My husband has become really boring. When he isn't working, all he wants to do is sit around and watch t.v.

We used to go do fun things. No he just sit there like a lump.


----------



## I'mInLoveWithMyHubby (Nov 7, 2011)

What type of things would you like to do?

Does he have a hard physical job that exhausts him when he gets home? Does he exercise?

What about the weekends? Do you go out then? 

Exercise gives you a lot of energy. When I ran 36 miles a week, I was everywhere full of energy. I use to go for long walks with my husband while the kids rode their bikes. We use to go rock climbing, to the zoo, ect... I'm not a going out to bar/dance type of woman. I never have been. I'm one to be outside, especially in the woods or near a creek looking for cool rocks. My husband does the same thing. I'm not any fun anymore though, I'm now stuck at home resting.


----------



## whattodo2012 (May 29, 2012)

Is he maybe suffering from depression? Have you tried talking to him and figuring out what you could do together? Is he willing to do things if you plan them? Maybe even just getting out for a walk?


----------



## lamaga (May 8, 2012)

LOL. All husbands are boring. (Kidding! Don't flame me! But, yeah...kinda)

Suggest activities -- if he doesn't go, go without him. Become an interesting person. Make him want to keep up with you.


----------



## Hope1964 (Sep 26, 2011)

My hubby tends to be like that. I just let him sit there and do my own thing. Sooner or later he gets up off his butt and joins me


----------



## chattycathy (Aug 19, 2011)

What would be better for you?
Tell him you find him boring doing that and want to ________ and ________ and _________ instead (fill in the blanks with suggestions for him that you think he ought to be doing instead).


----------



## I'mInLoveWithMyHubby (Nov 7, 2011)

lamaga said:


> LOL. All husbands are boring. (Kidding! Don't flame me! But, yeah...kinda)
> 
> Suggest activities -- if he doesn't go, go without him. Become an interesting person. Make him want to keep up with you.

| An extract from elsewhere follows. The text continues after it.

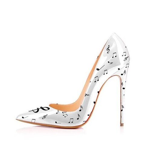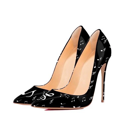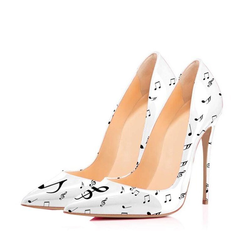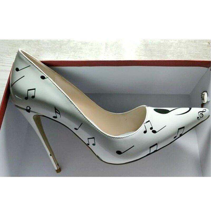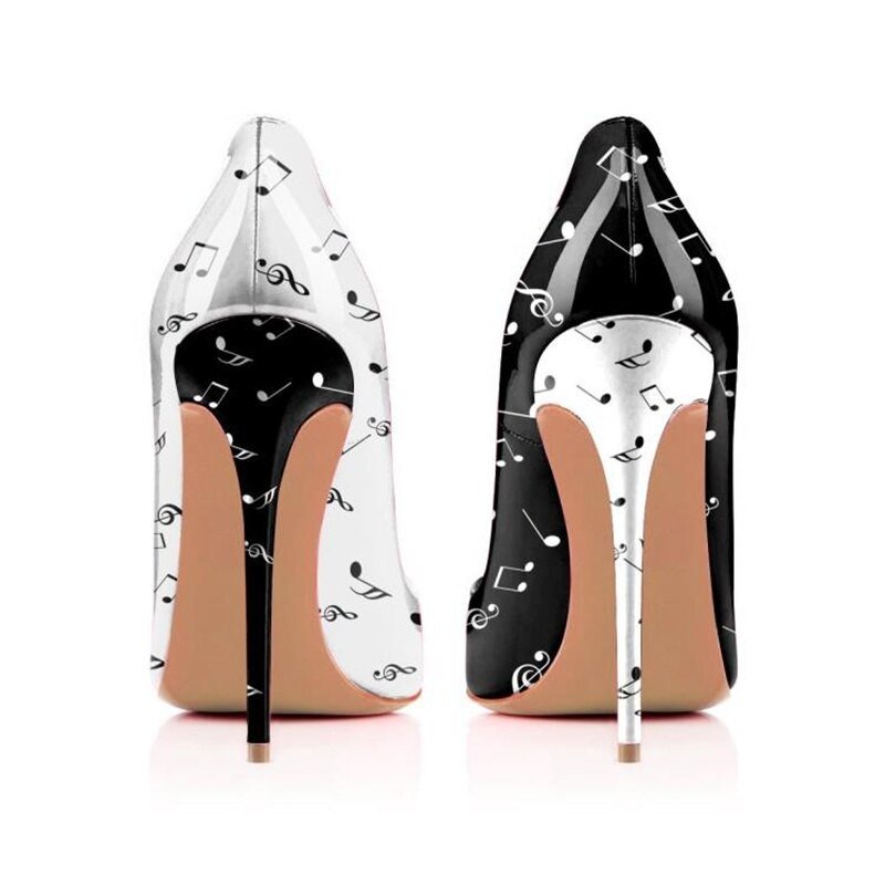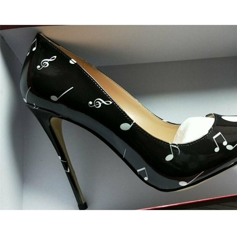 Black White Music Notation 12cm High Heels Woman Pumps

Not mine! I'm the boring one! I miss my old life terribly before I broke my neck. We were always going out hiking, rock climbing, sight seeing, ect... Now I sit at home resting on the couch or in bed.


----------



## Mavash. (Jan 26, 2012)

Do fun things without him.


----------



## livelaughlovenow (Apr 23, 2012)

jenniferswe said:


> My husband has become really boring. When he isn't working, all he wants to do is sit around and watch t.v.
> 
> We used to go do fun things. No he just sit there like a lump.

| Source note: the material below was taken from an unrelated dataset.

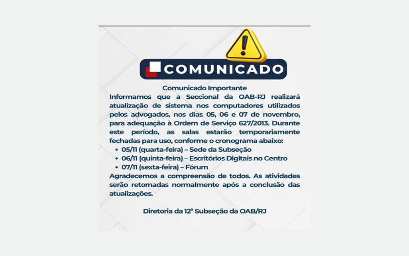 A OAB Seccional Rio de Janeiro realizará uma importante atualização de sistema nos computadores utilizados pelos profissionais, conforme estabelece a Ordem de Serviço 627/2013.

We sort of fell into that rut. I had to address it, unfortunately I let it build along with other things. I suggest you think back to when you were dating and the things you enjoyed doing, do you both still enjoy them? If so, plan some things, if not, plan a home date night with a game you both enjoy, could be as simple as cards, and simply say, no tv tonight and take initiative to change the atmosphere and get some conversation going. Good luck. We are still trying to find the balance. Sometimes I want to take the tv out of the frigging house and throw it out the window.


----------



## SimplyAmorous (Nov 25, 2009)

What did you & he enjoy doing while dating /early marraige... what are his interests, hobbies? 

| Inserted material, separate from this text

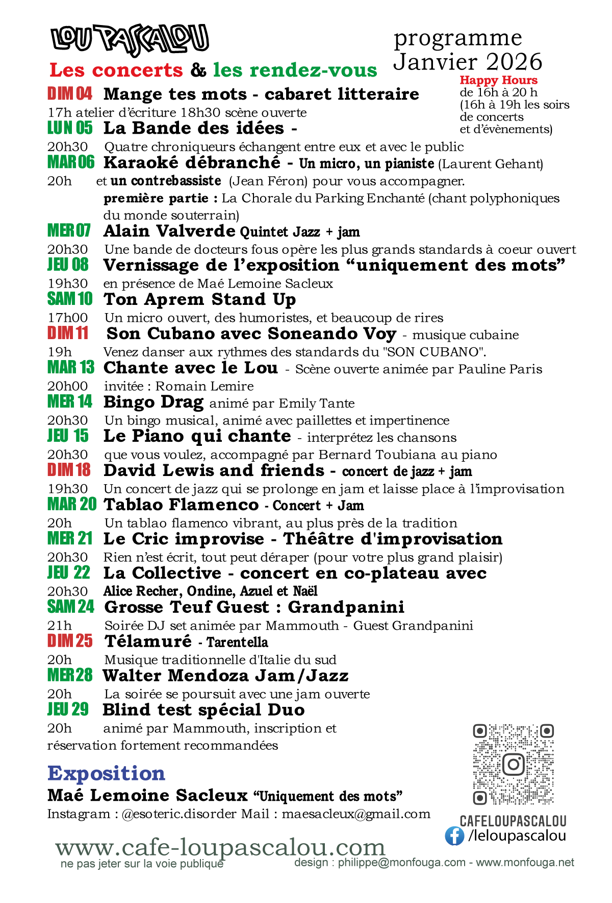 - Mange tes mots – cabaret littéraire le 4 janvier 2026 17:00

Sometimes we get caught up in something and it becomes a *habit *we need to break...like his being glued to the Tv like that.

What would happen if you actively planned some FUN activities for you & him/ the family? Will he bulk ...complain .... or agree to go...with a good attitude? 

At our house, if I don't plan the outings...we likely wouldn't do very much.... I've just always been the planner, the mover , the shaker ...I think my husband is very spoiled here...but he happily goes along with anything I come up with, so I can't really complain.


----------



## Chelle D (Nov 30, 2011)

sooo??? Can't YOU set up a "date" with him? 
Ask him to go bowling/ movies/ dancing (whatever the two of you used to do together).. next Saturday.

Then say "It's a date!! Whoo hoo!!.. thanks babe!" And have a really big smile on your face, so he knows you're really looking forward to it.

Then afterward, re-iterrate how nice it was to go out with him & have his attention just on you for the night. Or how nice it was to spend time feeling special to him again.


----------



## 67flh (Sep 26, 2011)

ever try, just walking over and turning the tv off and grabbing him by the hand and say honey lets go? he might ***** at first,but get him moving..


----------